Original topic: tidb 的insert table a selct * from table b 有没有风险

| username: 大飞飞呀

How to perform data cleaning with TiDB?
Can I directly use “insert into table a select * from table b”? Are there any good methods for handling large volumes of data?

| username: Billmay表妹 | Original post link

Refer to this.

| username: h5n1 | Original post link

You can only manually split the select based on conditions. If batch-DML is not enabled, it may cause OOM, and the submission speed for large batches is very slow. After version 6.1, there is a non-transactional DML feature that splits batches based on the specified size of the field, but currently, it only supports delete and cannot run in parallel. It is estimated that future versions should be able to solve Insert and select issues.

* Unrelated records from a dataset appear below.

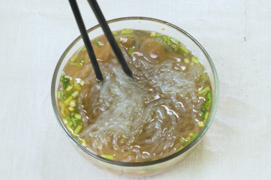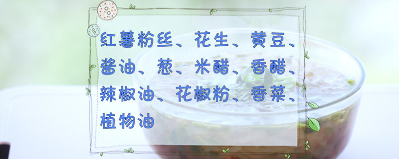 准备食材:红薯粉丝、花生、黄豆、酱油、葱、米醋、香醋、辣椒油、花椒粉、香菜、植物油。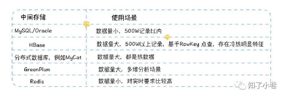 数据中台中数据以Hive表的形式存在,基于Hive或者是Spark计算引擎,并不能满⾜数据产品低延迟,⾼并发的访问要求,所以,⼀般做法是将数据从Hive表导出到⼀个中间存储,由中间存储提供实时查询的能⼒。数据服务需要根据应⽤场景⽀持多种中间存储,这里列举了⼀些常⽤的中间存储以及这些存储适⽤的场景,希望能根据实际场景选择适合的中间存储。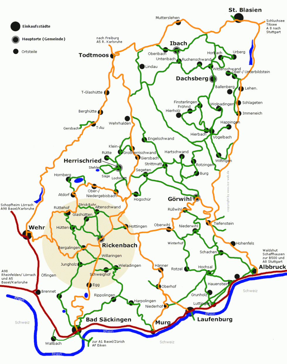 Die Gemeinde Rickenbach besteht neben dem Ort Rickenbach aus den Ortsteilen: » Altenschwand, » Bergalingen, » Egg, » Glashütten, » Hütten, » Hottingen, » Jungholz, » Rüttehof, » Schweighof, » Wieladingen und » Willaringen.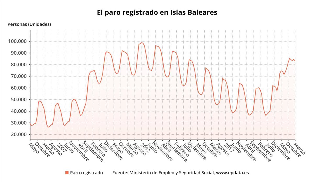 El volumen de parados de Baleares es el más alto para un mes de marzo desde 2014, cuando se registraron más de 85.000 desempleados.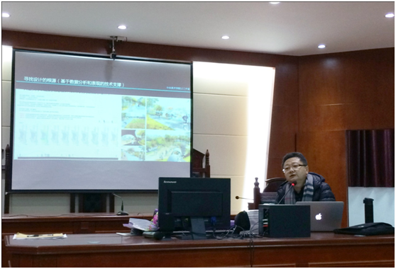 丁圆教授对“创新设计思维”艺术原创力与艺术介入方法进行了全面阐述。他首先深入探究了艺术旧元素和基调的统一方式,他以乌镇的水景设计为例,讲述物质性规划与内容性规划的平衡;再以伦勃朗的自画像色彩、莫奈的作品情感及杜尚的抽象化作品为例,将艺术作品与设计作品的对应,说明设计不单单只是外观的复制应发展到思维方式的运用,更重要的是艺术发展的逻辑与影响力。接着从历史与哲学的角度出发和我们分享了一流大学的经理思想,讲述了设计应该是历史与理论+设计实践+技术支撑+视觉艺术的一种复合型设计。丁圆教授还与大家分享了一个“艺术介入”的概念,旨在打破艺术专业与行业壁垒,构建以策展人、艺术家、设计师和业主机构为核心的艺术推广平台。最后丁教授用几个大型的案例为这场生动又深刻的讲座画上了圆满的句号。

| username: TiDBer_h8KizMa7 | Original post link

Look at the specific requirements:

  1. Full synchronization, this is nothing more than insert into, the main consideration is how to normally find the last position after an error. The specific efficiency depends on the performance of the three machines: source end → program → target end. Other considerations include how many threads in the program, how many batches of data per thread. More threads do not necessarily mean faster, nor does more data per batch. You need to print the time and debug it. There are no overly fancy methods.

You can write it yourself, or there are many program tools, such as cloudcanal.

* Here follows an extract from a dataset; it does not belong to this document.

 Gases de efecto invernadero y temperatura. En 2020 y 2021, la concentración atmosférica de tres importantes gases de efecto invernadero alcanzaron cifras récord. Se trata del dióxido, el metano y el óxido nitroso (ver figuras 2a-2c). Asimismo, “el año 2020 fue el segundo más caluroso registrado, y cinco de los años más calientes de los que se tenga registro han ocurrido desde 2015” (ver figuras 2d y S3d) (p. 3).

  1. Incremental synchronization, subscribe to cdc → kafka → subscribe to topic and parse canal → insert into database.table. Parse JSON, clean according to content, filter or flatten the table, etc.
| username: Hacker007 | Original post link

Add “limit” at the end, but it needs to be done in conjunction with the code, as TiDB does not support stored procedures.

| username: 托马斯滑板鞋 | Original post link

It is recommended to first export the data and then insert it in batches. The insert … select * operation is likely to process one row at a time, which is slow.

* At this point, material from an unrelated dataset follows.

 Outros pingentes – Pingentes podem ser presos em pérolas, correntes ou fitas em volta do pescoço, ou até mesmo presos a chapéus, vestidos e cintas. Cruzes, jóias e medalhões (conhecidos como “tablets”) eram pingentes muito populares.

| username: wuxiangdong | Original post link

Add an update_time field to table b.

| username: xiaohetao | Original post link

I think we can write a loop to define how many rows to commit at a time.

| username: xiaohetao | Original post link

| username: alfred | Original post link

It does not support stored procedures. For handling such large batch inserts, it is recommended to manually split them into smaller batch inserts.

| username: tidb狂热爱好者 | Original post link

Use CDC to migrate data.

| username: system | Original post link

This topic was automatically closed 60 days after the last reply. New replies are no longer allowed.